Dataset content:
╭──
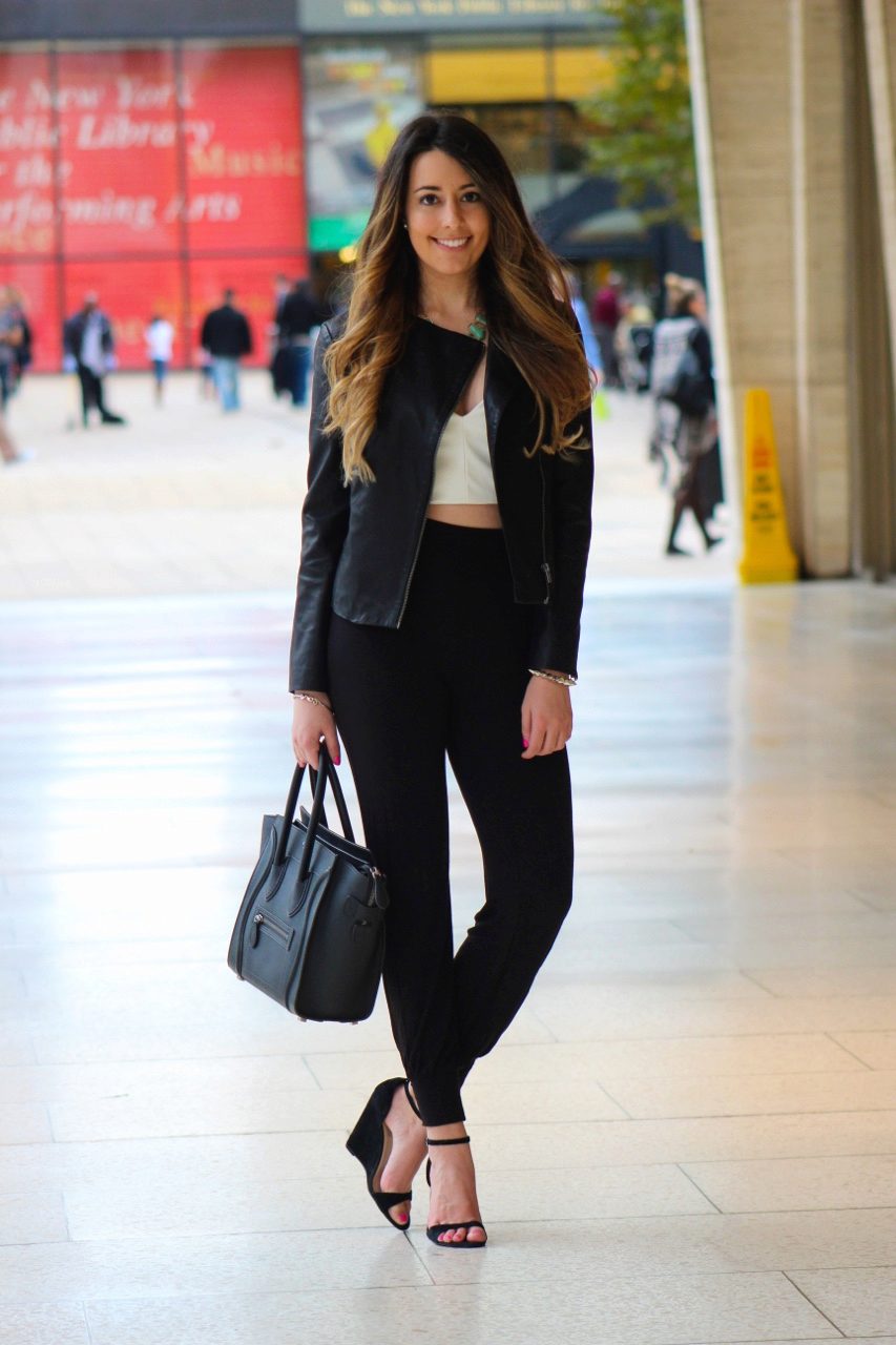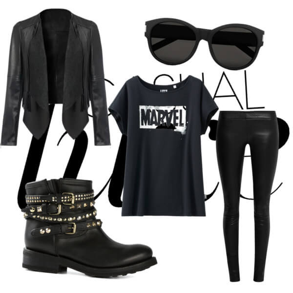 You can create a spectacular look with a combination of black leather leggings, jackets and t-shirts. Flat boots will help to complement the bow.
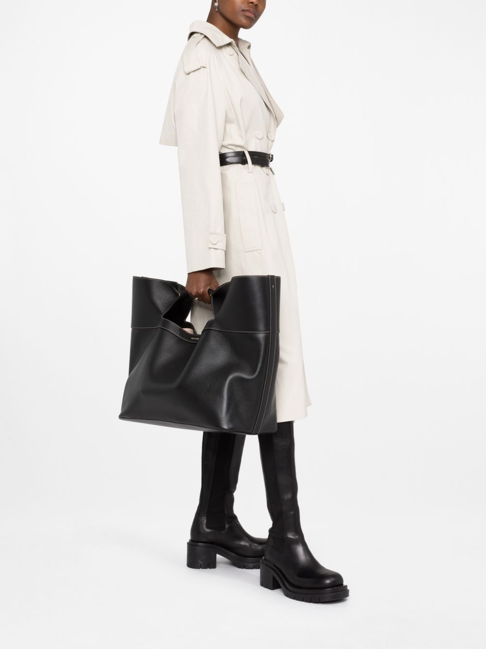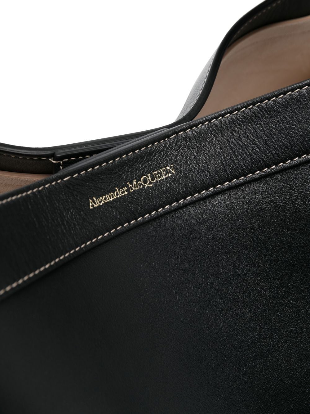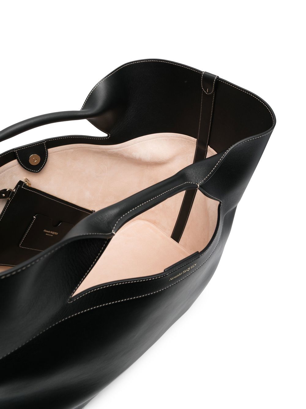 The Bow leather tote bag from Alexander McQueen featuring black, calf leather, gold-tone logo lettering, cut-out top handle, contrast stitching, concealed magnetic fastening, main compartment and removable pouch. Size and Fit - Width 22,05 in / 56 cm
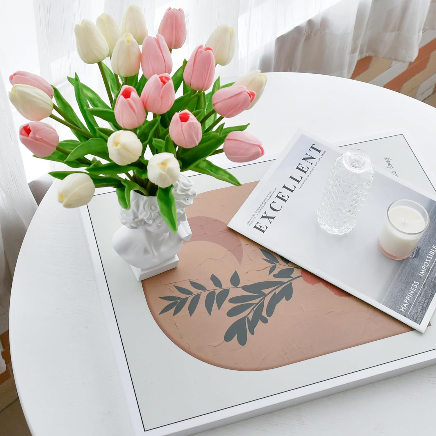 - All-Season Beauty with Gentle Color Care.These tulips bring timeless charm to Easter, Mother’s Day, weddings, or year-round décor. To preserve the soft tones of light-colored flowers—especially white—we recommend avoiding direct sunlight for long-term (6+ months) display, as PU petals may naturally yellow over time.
╰──
╭──
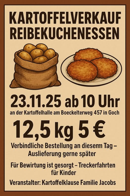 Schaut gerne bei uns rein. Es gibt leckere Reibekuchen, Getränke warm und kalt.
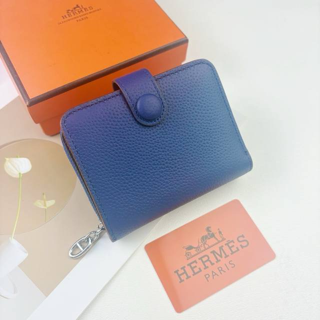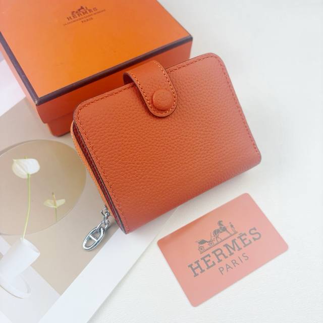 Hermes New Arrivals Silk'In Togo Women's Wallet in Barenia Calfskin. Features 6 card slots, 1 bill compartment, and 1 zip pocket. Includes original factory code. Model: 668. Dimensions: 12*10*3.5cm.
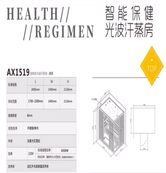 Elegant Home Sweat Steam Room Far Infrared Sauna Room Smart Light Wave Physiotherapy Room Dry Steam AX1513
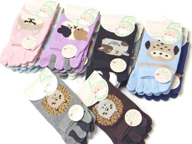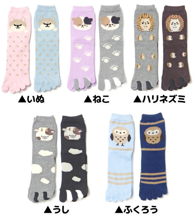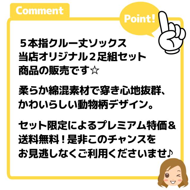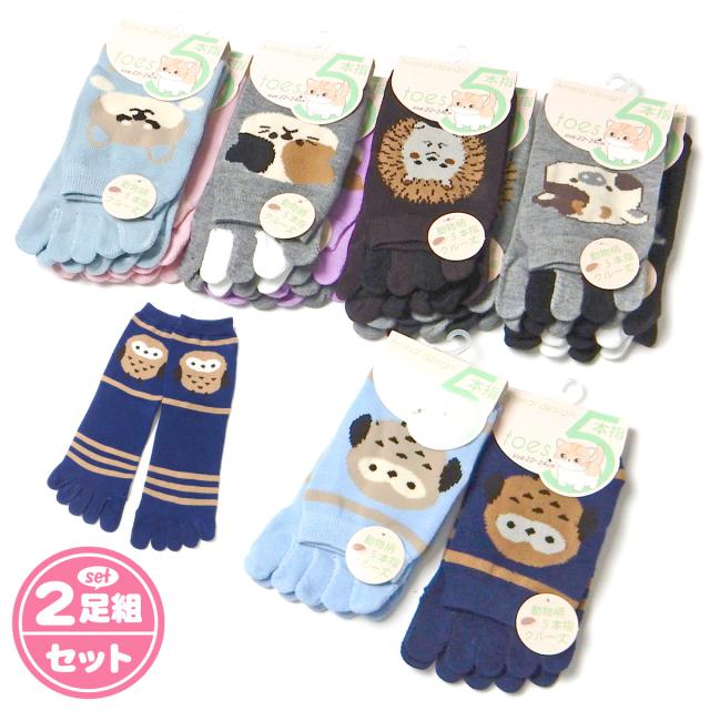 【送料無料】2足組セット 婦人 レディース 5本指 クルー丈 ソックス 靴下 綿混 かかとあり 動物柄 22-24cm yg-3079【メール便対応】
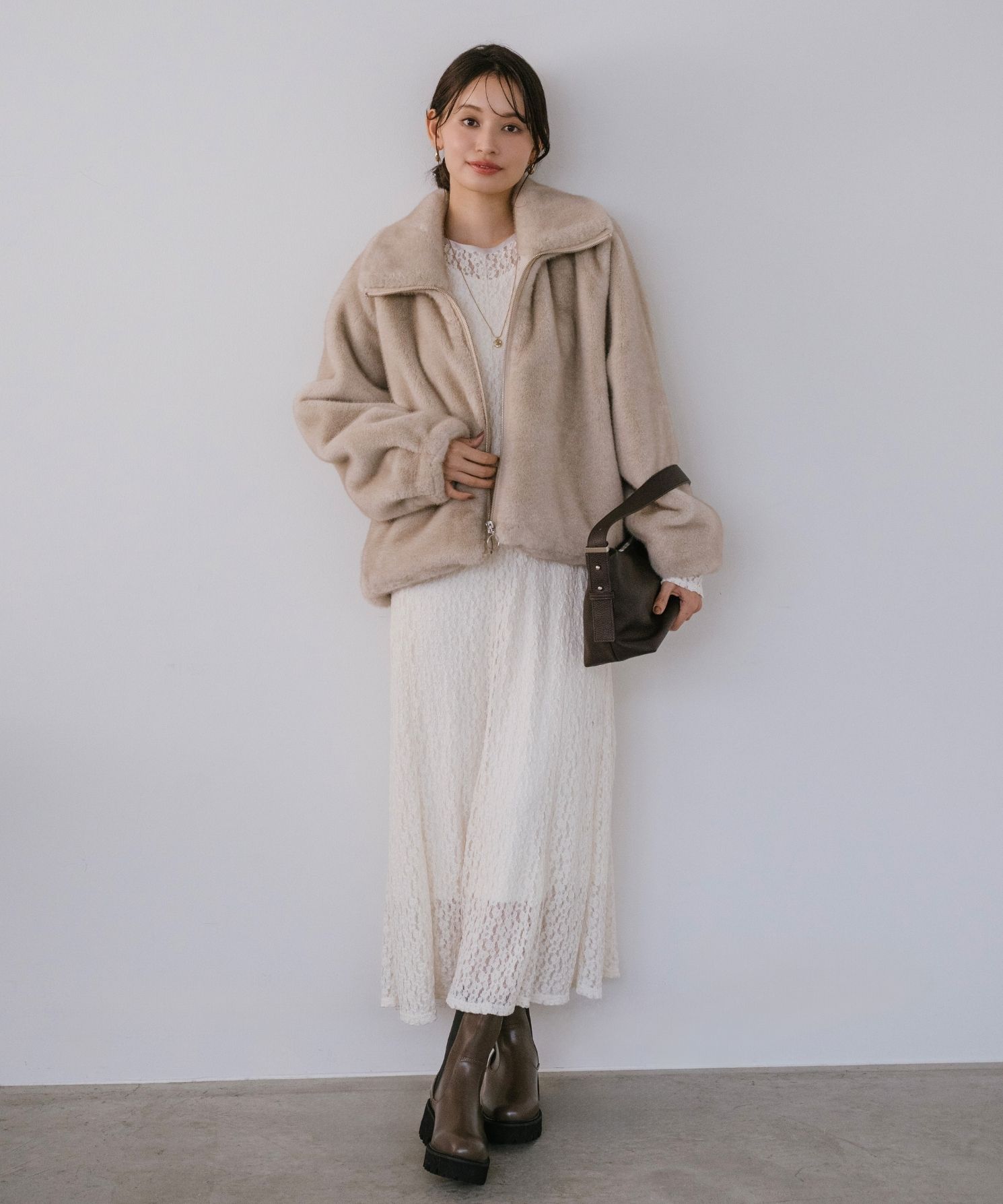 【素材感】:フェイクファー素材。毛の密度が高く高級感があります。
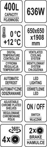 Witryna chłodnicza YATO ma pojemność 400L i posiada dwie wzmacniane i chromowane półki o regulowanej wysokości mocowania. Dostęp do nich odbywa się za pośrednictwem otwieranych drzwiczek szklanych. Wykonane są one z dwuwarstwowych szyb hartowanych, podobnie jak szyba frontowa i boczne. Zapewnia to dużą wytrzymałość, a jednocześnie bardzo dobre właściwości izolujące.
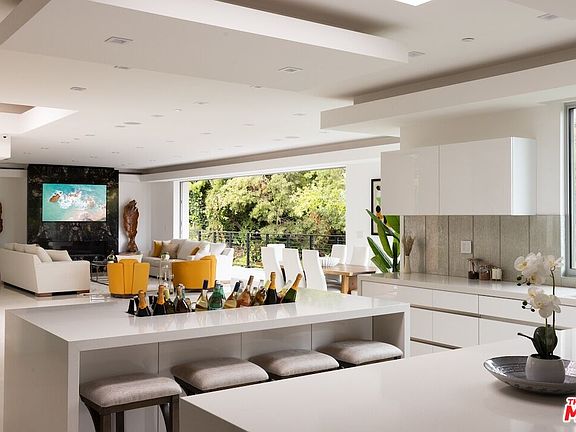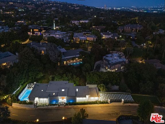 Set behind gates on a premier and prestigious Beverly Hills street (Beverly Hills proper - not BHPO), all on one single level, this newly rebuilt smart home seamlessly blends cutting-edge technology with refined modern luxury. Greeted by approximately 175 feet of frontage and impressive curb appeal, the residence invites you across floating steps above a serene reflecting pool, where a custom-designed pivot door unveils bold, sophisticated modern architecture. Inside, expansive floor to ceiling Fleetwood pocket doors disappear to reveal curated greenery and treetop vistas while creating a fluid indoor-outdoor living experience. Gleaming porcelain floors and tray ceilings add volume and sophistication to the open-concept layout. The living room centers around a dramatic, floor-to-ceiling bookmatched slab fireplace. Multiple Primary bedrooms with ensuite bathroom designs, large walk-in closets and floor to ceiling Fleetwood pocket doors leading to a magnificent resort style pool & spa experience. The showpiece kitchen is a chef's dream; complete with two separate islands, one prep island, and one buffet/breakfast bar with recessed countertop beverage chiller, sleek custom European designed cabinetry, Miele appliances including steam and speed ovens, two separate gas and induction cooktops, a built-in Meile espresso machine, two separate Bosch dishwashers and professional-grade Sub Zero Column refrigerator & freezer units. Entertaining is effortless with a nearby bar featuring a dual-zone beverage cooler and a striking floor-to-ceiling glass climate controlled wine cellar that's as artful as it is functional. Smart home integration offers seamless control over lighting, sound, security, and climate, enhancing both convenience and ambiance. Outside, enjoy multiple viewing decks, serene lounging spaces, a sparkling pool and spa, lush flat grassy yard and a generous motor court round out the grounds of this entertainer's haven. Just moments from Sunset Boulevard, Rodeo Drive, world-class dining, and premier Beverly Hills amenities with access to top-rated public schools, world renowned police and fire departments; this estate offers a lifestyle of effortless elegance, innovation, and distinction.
╰──
Task to carry out: An exact copy is needed of the stretch above that opens with the line containing "動物柄 22-24cm yg-3079【メール便対応】" and closes with the line containing "Witryna chłodnicza YATO"; the pictures are not part of it.

Written answer:
 【送料無料】2足組セット 婦人 レディース 5本指 クルー丈 ソックス 靴下 綿混 かかとあり 動物柄 22-24cm yg-3079【メール便対応】
 【素材感】:フェイクファー素材。毛の密度が高く高級感があります。
 Witryna chłodnicza YATO ma pojemność 400L i posiada dwie wzmacniane i chromowane półki o regulowanej wysokości mocowania. Dostęp do nich odbywa się za pośrednictwem otwieranych drzwiczek szklanych. Wykonane są one z dwuwarstwowych szyb hartowanych, podobnie jak szyba frontowa i boczne. Zapewnia to dużą wytrzymałość, a jednocześnie bardzo dobre właściwości izolujące.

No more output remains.